Ekonomi

Merger di tengah pandemi jadi keunggulan Bank Syariah Indonesia

Dampak pandemi Covid-19 yang lebih minim di Indonesia bisa membuat konsolidasi perbankan syariah lebih cepat

Muhammad Nazarudin Latief  | 17.02.2021 - Update : 21.02.2021
Merger di tengah pandemi jadi keunggulan Bank Syariah Indonesia Ilustrasi: Uang. (Foto file - Anadolu Agency)

Jakarta Raya

JAKARTA

Keputusan merger tiga bank syariah milik pemerintah menjadi Bank Syariah Indonesia (BSI) di tengah pandemi Covid-19 bisa berdampak positif dengan catatan bisa memanfaatkan keunggulan komparatif yaitu dampak pandemi yang lebih ringan dibandingkan negara lain.

Bank Syariah Indonesia merupakan gabungan dari tiga bank syariah BUMN, yakni Bank BRI Syariah, Bank Mandiri Syariah dan Bank BNI Syariah.

Ekonom Institute for Development Economics and Finance (Indef) Imam Sugema mengatakan kondisi ini menjadi kesempatan bagi perbankan Indonesia mengambil posisi lebih baik saat negara-negara lain, yang juga ingin menjadi hub keuangan seperti Singapura dan Malaysia, mengalami tekanan finansial lebih berat.

“Perbankan Indonesia bisa positioning untuk take off. Sembari melakukan berbagai penyesuaian untuk membuat bank lebih kuat di Indonesia kemudian go global saat pandemi usai,” ujar Imam saat diskusi virtual, Selasa.

Sebagai perbandingan dampak pandemi, Indonesia mengalami kontraksi ekonomi 2,07 persen pada 2020, lebih rendah dibandingkan Malaysia yang berkontraksi 5,6 persen dan Singapura yang turun 5,4 persen.

“Kalau kita ambil sisi positifnya, turning point karena pandemi ini terjadi di hampir semua negara dan jauh lebih berat.
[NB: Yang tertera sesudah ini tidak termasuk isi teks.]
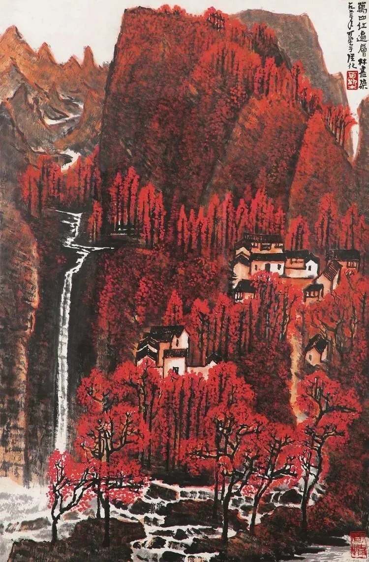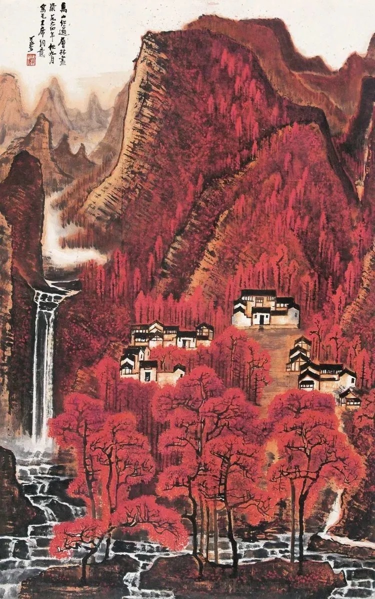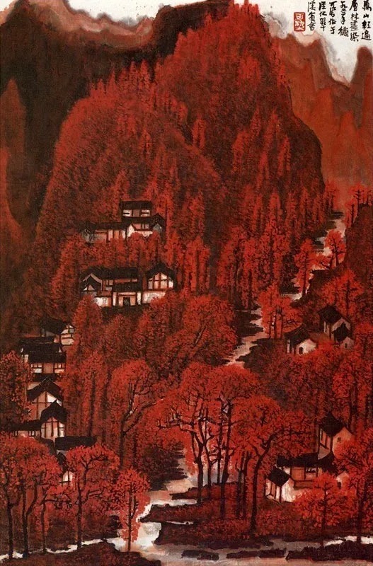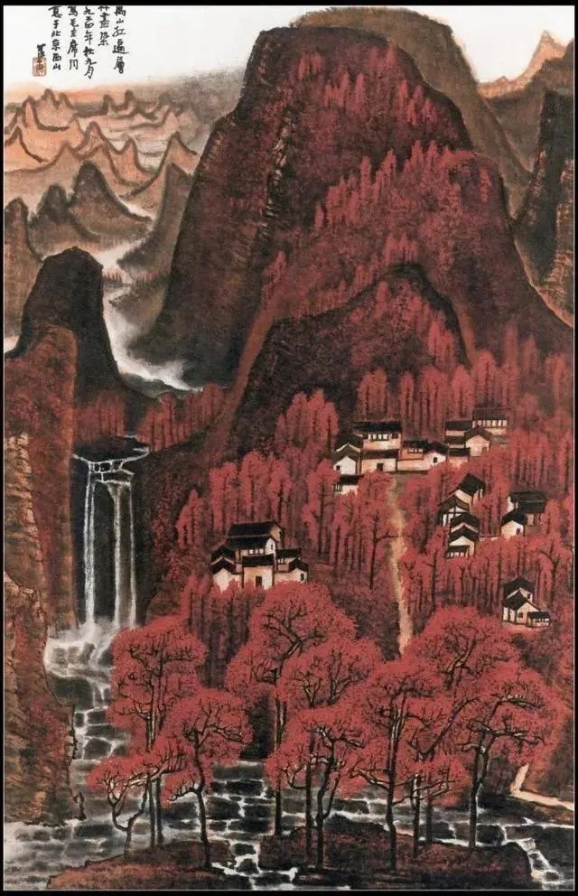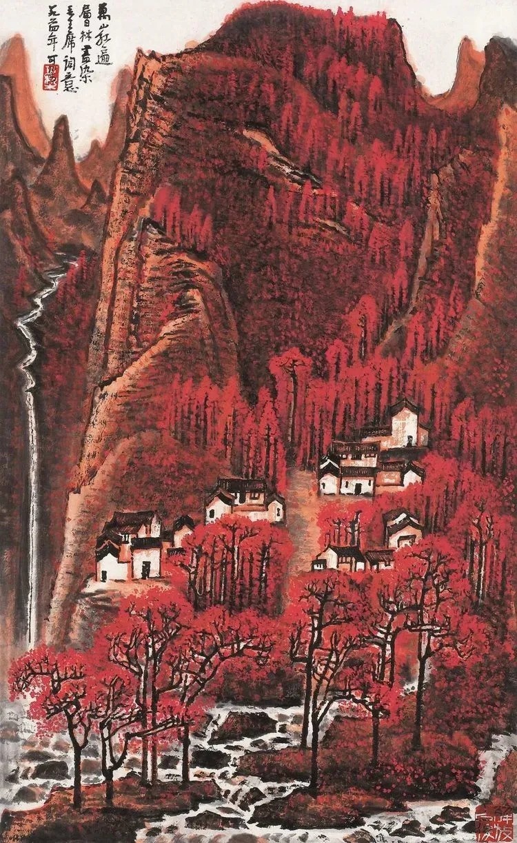 这幅画左上角的文字说明:“山遍红,林遍染。毛主席话的意思,可染于1964年.”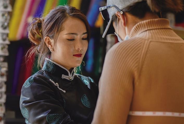 “老板,你家還有這款藏裝嗎?我想要一款?!痹谠摰陜?nèi),市民卓嘎拿出手機(jī),指著格桑措姆錄制的藏裝短視頻說道。“有的,這是我們今年推出的新款,是對(duì)傳統(tǒng)的藏裝進(jìn)行了改良,主要是體現(xiàn)在領(lǐng)口處,改良后的藏裝對(duì)領(lǐng)口部位進(jìn)行了復(fù)古簡約化設(shè)計(jì),使其兼具美觀性與舒適性,再搭配一個(gè)‘卡烏’堪稱完美。”格桑措姆介紹道。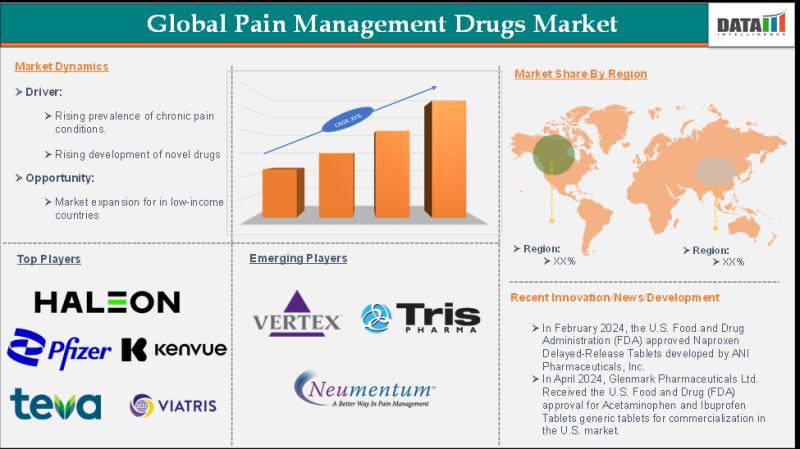 Pain management drugs are medications designed to alleviate or control pain caused by various conditions, including injuries, surgeries, chronic illnesses, or neurological disorders. These drugs work by targeting the body's pain pathways, either by blocking pain signals, reducing inflammation, or altering the brain's perception of pain. They include categories such as analgesics (e.g., opioids, acetaminophen), nonsteroidal anti-inflammatory drugs (NSAIDs), anticonvulsants, antidepressants, and topical agents, tailored to address different types and intensities of pain.Forecast Growth Projected: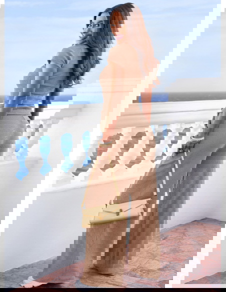 Beżowy prążkowany komplet bluzka i szerokie spodnie Maertisa to wygodny zestaw o kobiecym, dopracowanym kroju. Dopasowana bluzka z krótkim rękawem podkreśla sylwetkę i dzięki marszczeniom po bokach ładnie układa się w talii. Prążkowany materiał nadaje całości subtelnej struktury i sprawia, że komplet wygląda bardzo stylowo. Spodnie mają wysoki stan oraz szerokie nogawki, które pięknie wydłużają nogi i zapewniają swobodę ruchów. Elastyczna talia dobrze dopasowuje się do figury i zwiększa komfort noszenia. Beżowy kolor sprawia, że model wygląda lekko i ponadczasowo. To komplet, który sprawdzi się zarówno na co dzień, jak i podczas wyjazdu czy spotkania z przyjaciółmi.
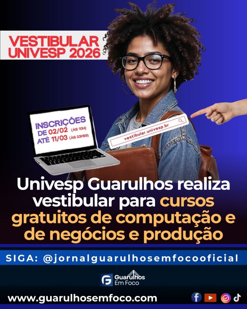 O Polo Guarulhos da Universidade Virtual do Estado de São Paulo (Univesp), vinculada à Prefeitura por meio da Secretaria de Ciência, Tecnologia e Inovação (SCTI), recebe até dia 11 de…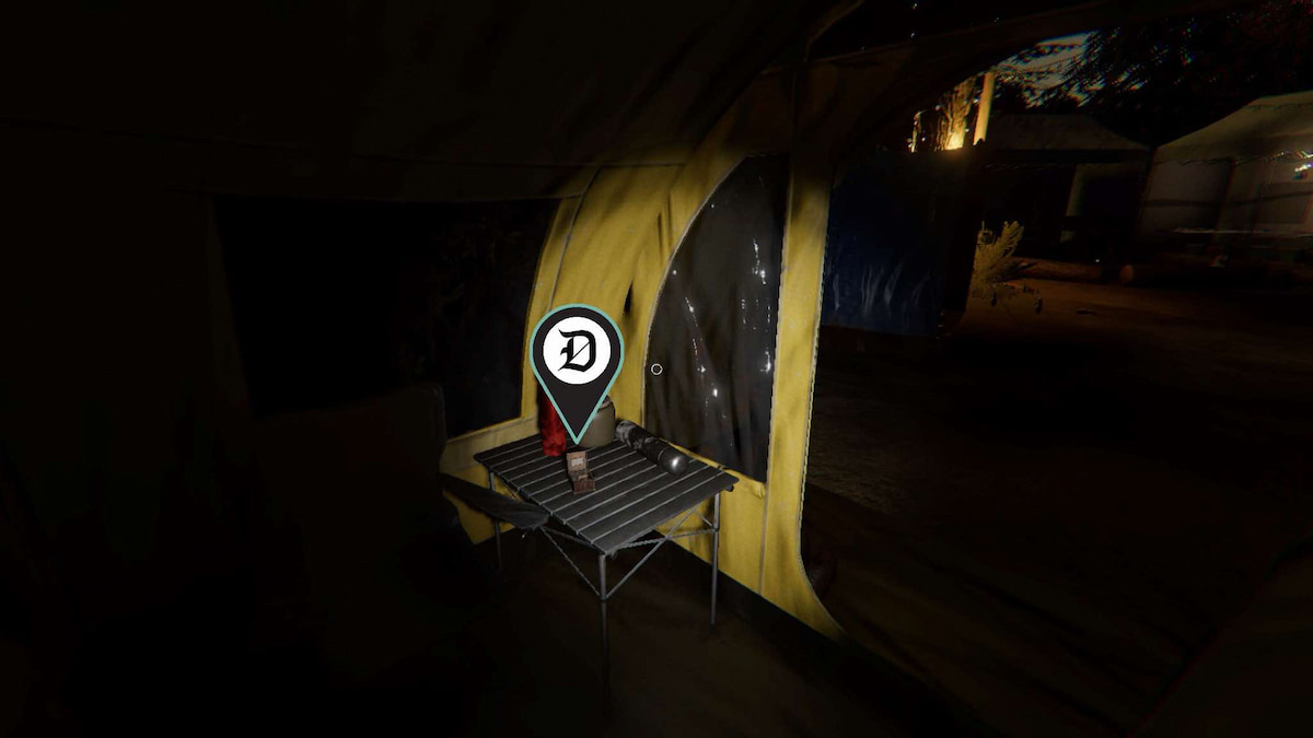テントフラップを開き、内側に向かいます。右を見下ろして、そこの小さなテーブルに座っている音楽箱を見つけてください。このテーブルにはいくつかの乱雑なアイテムが散らばっていますが、音楽箱は正面に座っているため、見つけるのがかなり簡単になります。それは小さな茶色の素朴な箱です。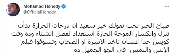 وكتب محمد هنيدي تغريدة على تويتر "صباح الخير نحب نقولك خبر سعيد ان درجات الحرارة بدأت تنزل وانكسار الموجة الحارة استعداد لفصل الشتاء وده وقت كويس جدا عشان تاخد الاسرة او الصحاب وتشوفوا فيلم الإنس والنمس في الجو الجميل ده"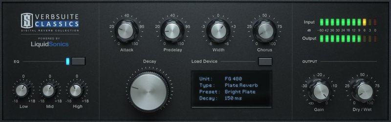 Slate Digital в сотрудничестве с LiquidSonics представляют новый ревербератор VerbSuite Classics, включающий 8 классических цифровых модулей реверберации последних четырех десятилетий в одном плагине. VerbSuite захватывает правдивый тон с использованием патентованной обработки Fusion IR. В отличие от статических импульсов, которые можно найти в обычных конволюционных ревербераторах, Fusion IR способен воспроизводить подвижный характер модулирующих цифровых ревербераторов, делая общий тон богатым, гладким и динамичным.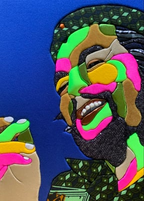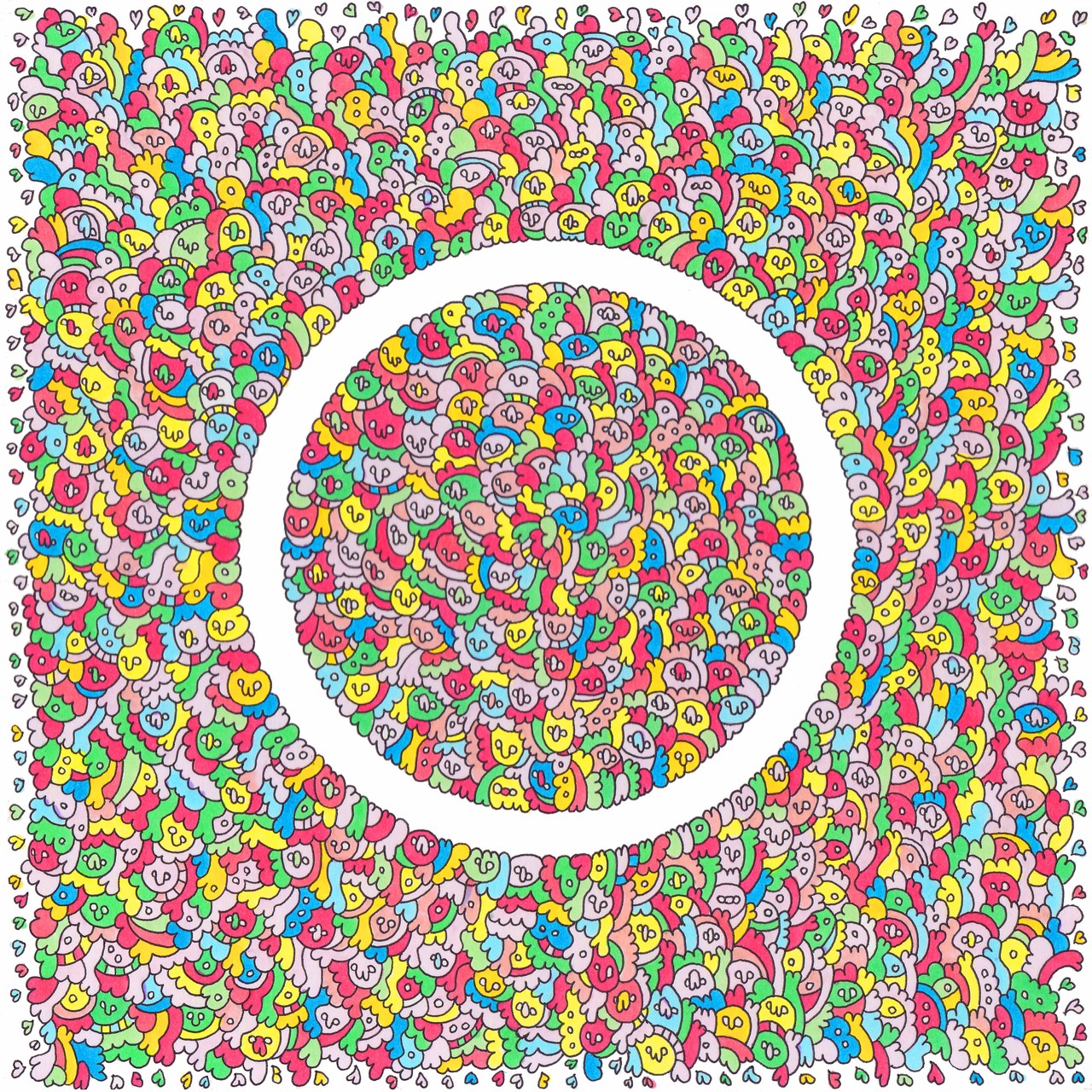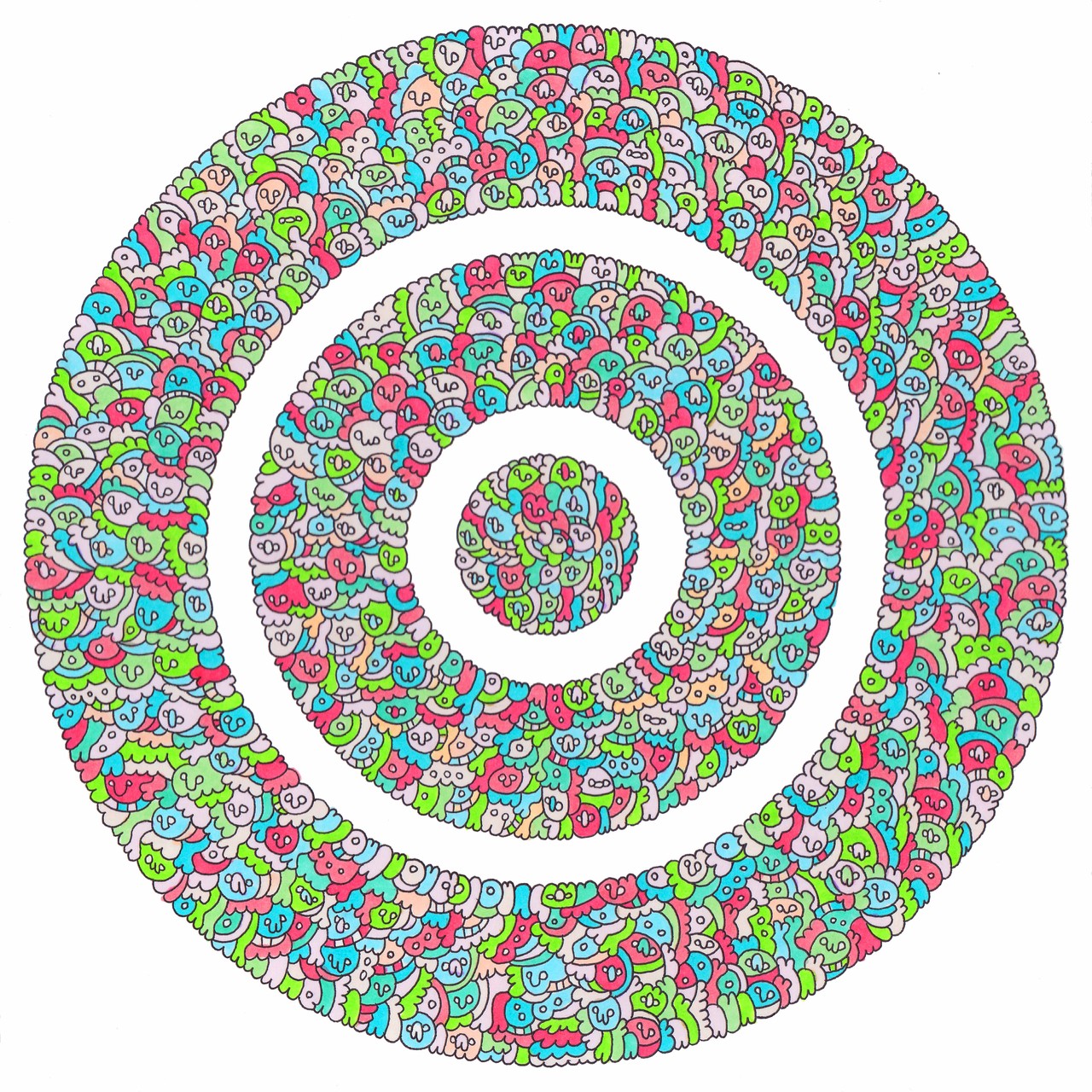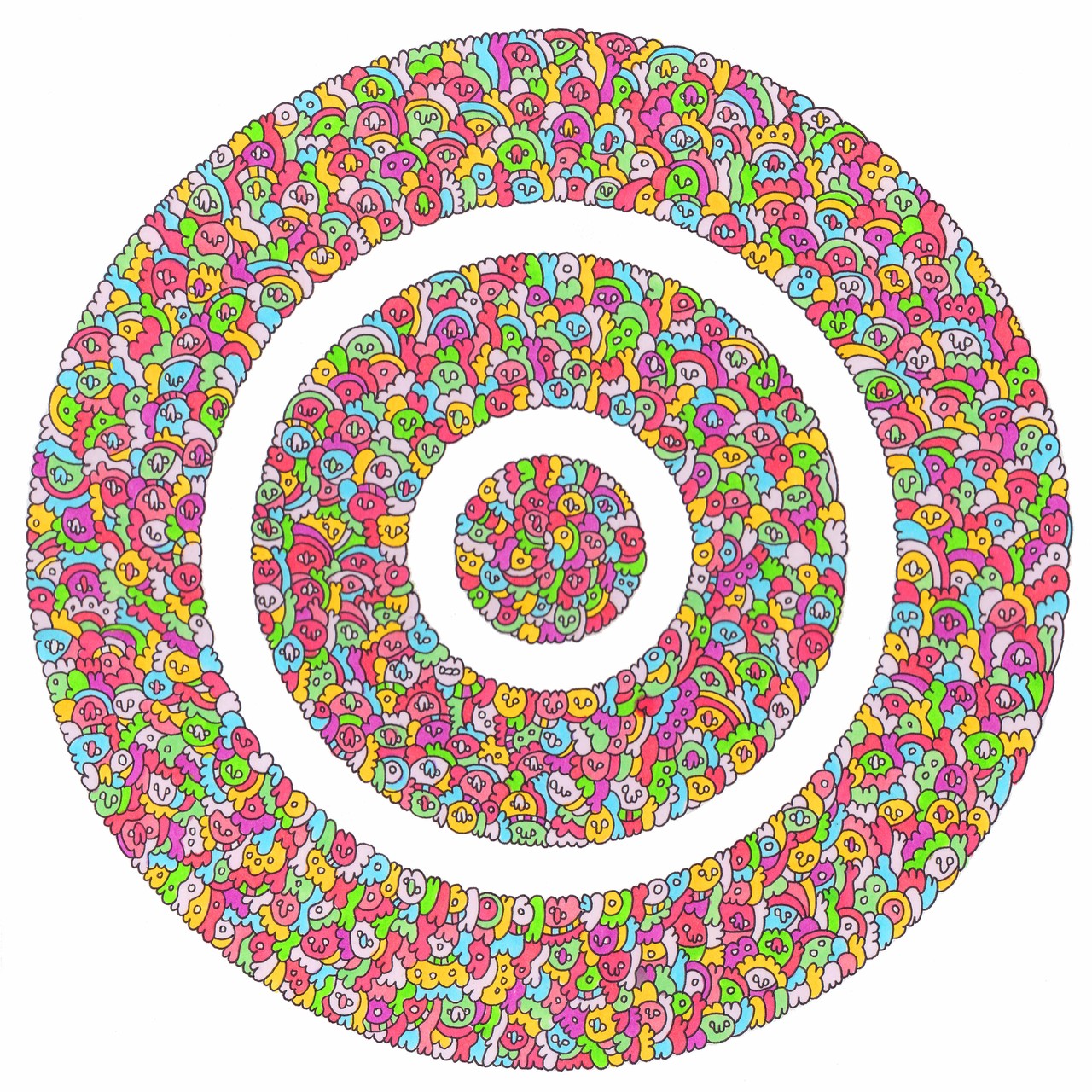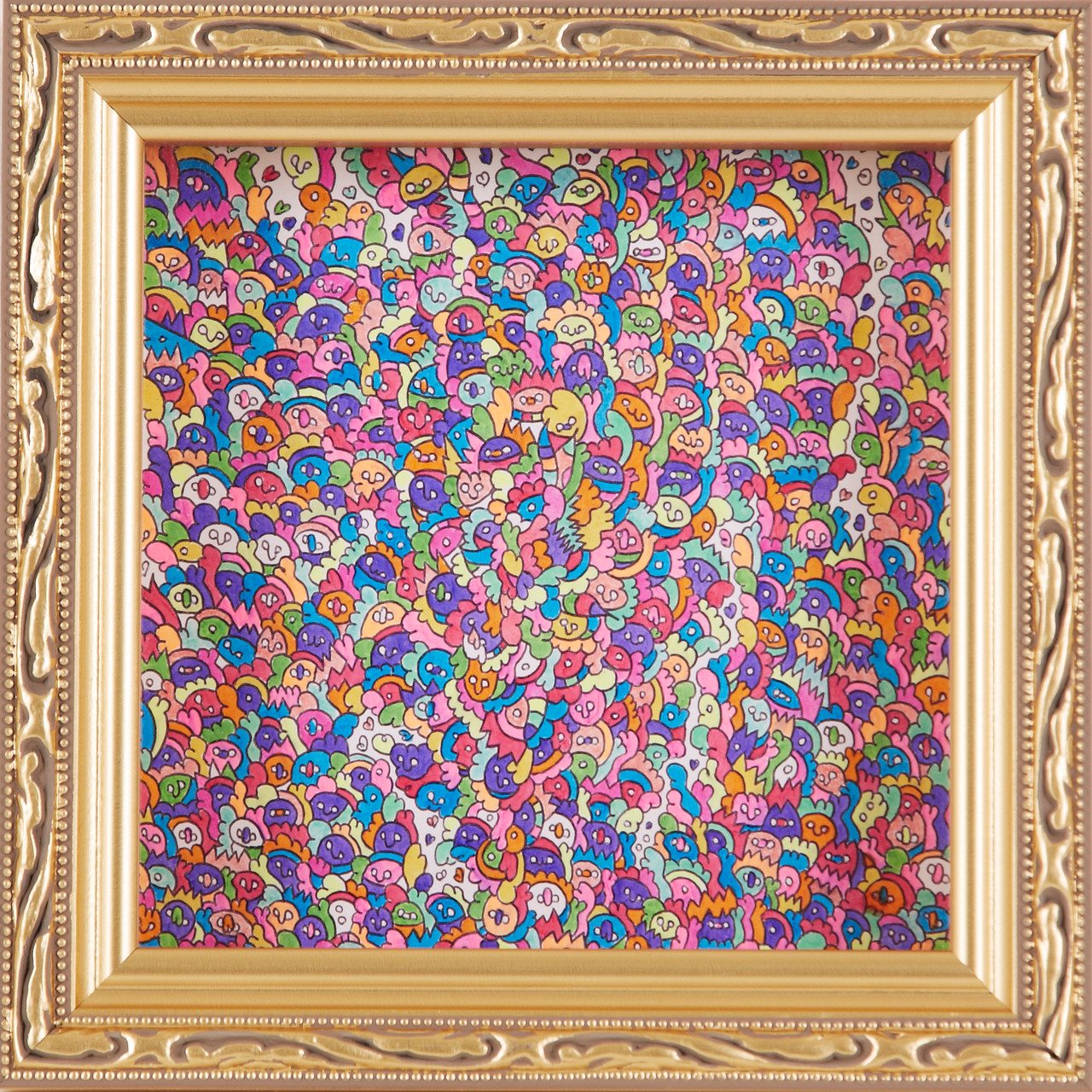 次は何をキメコもう?いつも悩むテーマの中で頭の中にヒントとして流れてきたメロディーは??世界中で人気を博してきた、トップシンガーたちの声でした。様々な人物の歌声が聴こえてきそうなカラフルでポップなキメコミアートに仕上げました。

Jadi timbul kesempatan bagi Indonesia,” ujar dia.

Indonesia kata Imam juga bisa mencuri start dengan mengakselerasi pertumbuhan perbankan syariah saat negara lain masih menghadapi dampak pandemi.

“Tapi ini baru bisa dilakukan jika bank syariah hasil merger bisa melakukan jump start, melakukan lompatan ke depan,” ujar dia.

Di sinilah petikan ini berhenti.